**Work request**
Reproduce the listing below from the line with "काठमाडौं । भदौ" to the line with "2012/01/12 10:44:15 DEUTSCH", both lines included, character for character, minus any pictures.

**Provided records**
↓↓↓

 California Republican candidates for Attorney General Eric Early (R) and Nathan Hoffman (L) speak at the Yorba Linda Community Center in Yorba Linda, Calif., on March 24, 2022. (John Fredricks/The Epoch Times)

↑↑↑
↓↓↓

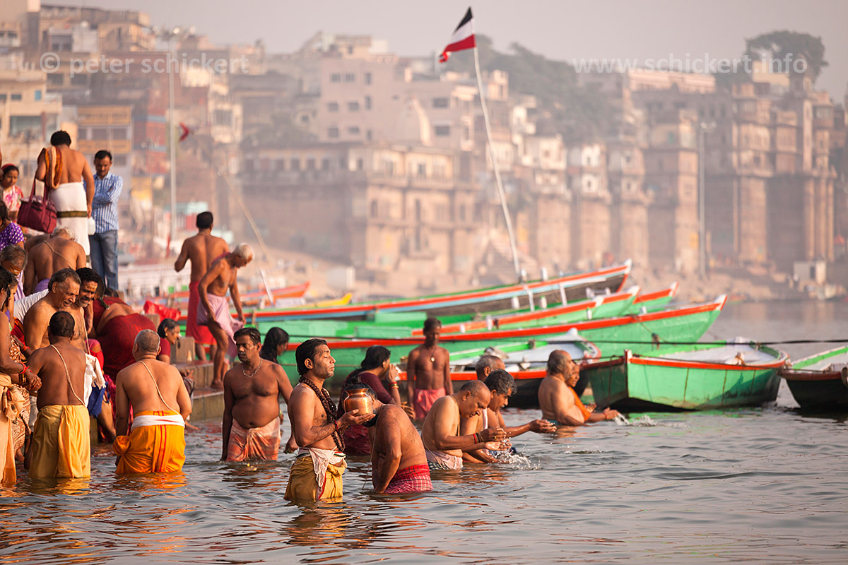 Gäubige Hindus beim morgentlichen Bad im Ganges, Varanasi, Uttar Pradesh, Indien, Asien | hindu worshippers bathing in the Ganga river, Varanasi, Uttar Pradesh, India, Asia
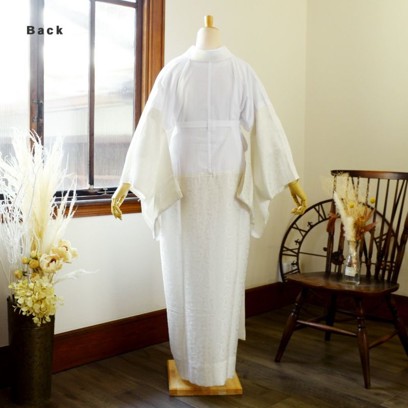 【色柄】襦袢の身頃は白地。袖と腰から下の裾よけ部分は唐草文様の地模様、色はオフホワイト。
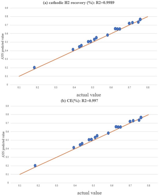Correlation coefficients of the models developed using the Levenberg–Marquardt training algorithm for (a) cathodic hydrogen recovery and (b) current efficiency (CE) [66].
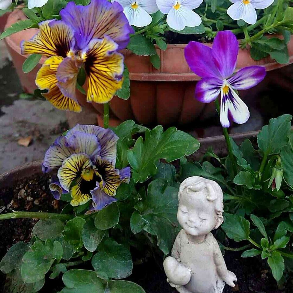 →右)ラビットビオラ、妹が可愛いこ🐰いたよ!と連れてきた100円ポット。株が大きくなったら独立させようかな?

↑↑↑
↓↓↓

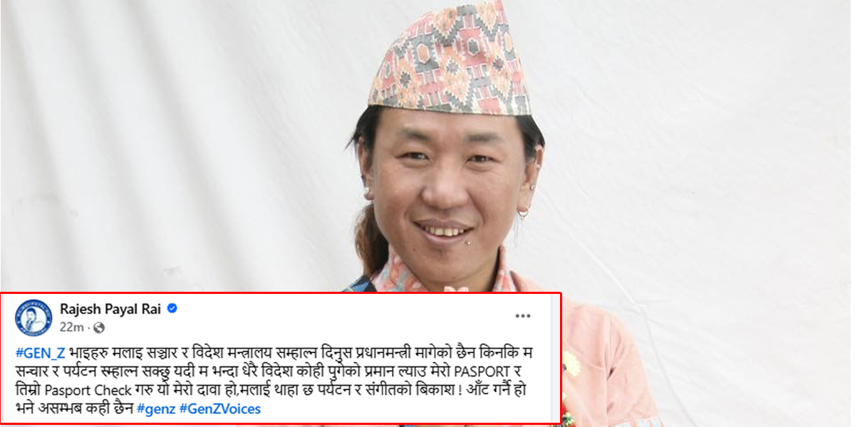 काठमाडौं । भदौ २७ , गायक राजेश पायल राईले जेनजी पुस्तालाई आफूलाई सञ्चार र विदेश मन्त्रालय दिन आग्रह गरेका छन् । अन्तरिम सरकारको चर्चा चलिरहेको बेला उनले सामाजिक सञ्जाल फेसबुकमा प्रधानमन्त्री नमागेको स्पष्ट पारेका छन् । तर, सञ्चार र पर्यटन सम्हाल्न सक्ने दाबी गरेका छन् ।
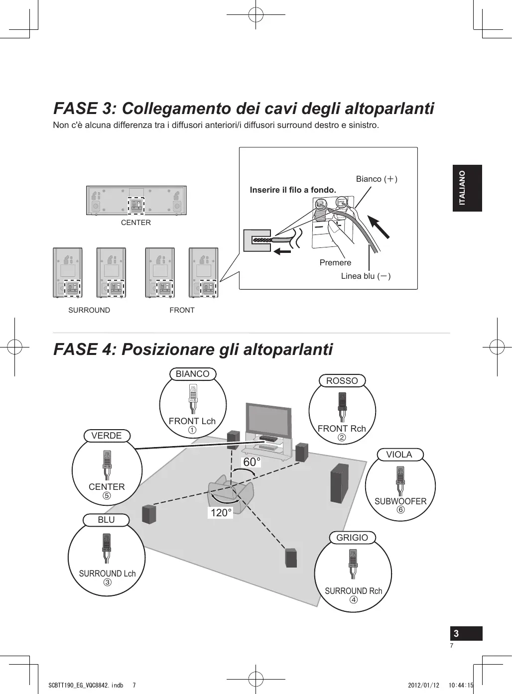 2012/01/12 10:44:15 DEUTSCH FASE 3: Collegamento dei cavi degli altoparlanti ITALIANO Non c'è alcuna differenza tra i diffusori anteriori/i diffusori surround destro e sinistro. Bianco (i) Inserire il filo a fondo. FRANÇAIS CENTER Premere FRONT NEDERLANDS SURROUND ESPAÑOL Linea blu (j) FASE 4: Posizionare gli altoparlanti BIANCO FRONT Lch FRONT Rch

↑↑↑

**The completed task**
 काठमाडौं । भदौ २७ , गायक राजेश पायल राईले जेनजी पुस्तालाई आफूलाई सञ्चार र विदेश मन्त्रालय दिन आग्रह गरेका छन् । अन्तरिम सरकारको चर्चा चलिरहेको बेला उनले सामाजिक सञ्जाल फेसबुकमा प्रधानमन्त्री नमागेको स्पष्ट पारेका छन् । तर, सञ्चार र पर्यटन सम्हाल्न सक्ने दाबी गरेका छन् ।
 2012/01/12 10:44:15 DEUTSCH FASE 3: Collegamento dei cavi degli altoparlanti ITALIANO Non c'è alcuna differenza tra i diffusori anteriori/i diffusori surround destro e sinistro. Bianco (i) Inserire il filo a fondo. FRANÇAIS CENTER Premere FRONT NEDERLANDS SURROUND ESPAÑOL Linea blu (j) FASE 4: Posizionare gli altoparlanti BIANCO FRONT Lch FRONT Rch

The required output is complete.